What do you mean with that? I mean in respect to what I was pointing out?
Apollo attitudes (at least for the PADs) were given in the order roll, pitch, yaw, instead of the order pitch, roll, yaw that you nominated. So the Apollo 15 TLI burn attitude is roll=180°, pitch=45°, yaw=1°.
Apollo's coordinate systems are not easy to be understood. The coordinates are given relative to the current IMU stable member orientation. And this orientation depends on the mission phase and available reference stars.
This true and means that a fully prograde burn could have a yaw angle of say 45° (or any other number you care to pick), depending on the orientation of the REFSMMAT. That said, the REFSMMAT used for TLI was the same as that set on the launch pad so a yaw of 1° indicates that there was an off-plane component to the burn. This is expected given that you can't launch directly from KSC (lat ~28.608) into the moon's orbital plane (inc ~18.294 to ~28.584). This off-plane component was used to setup an off-plane transfer, ie, the orbital plane of the CSM post-TLI was neither that of the launch nor that of the moon, but somewhere in between.
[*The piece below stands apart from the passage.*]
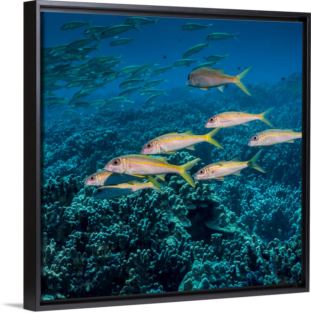 <p>Yellowfin Goatfish (Mulloidichthys vanicolensis) schooled off the Kona coast, Kona, Island of Hawaii, Hawaii, United States of America.</p>

Regarding plane changes in lunar orbit, there were two times when these would typically occur:
1. During the LM landed phase the CSM would do a plane change to account for the precession of its orbit (due to the rotation of the moon) relative to the LM position. Apollo 11 didn't do this maneuvoure due to the short amount of time the LM was on the surface.
2. During rendezvous, a plane change by the LM could be done, either as a separate maneuvoure or as part of a larger phasing burn.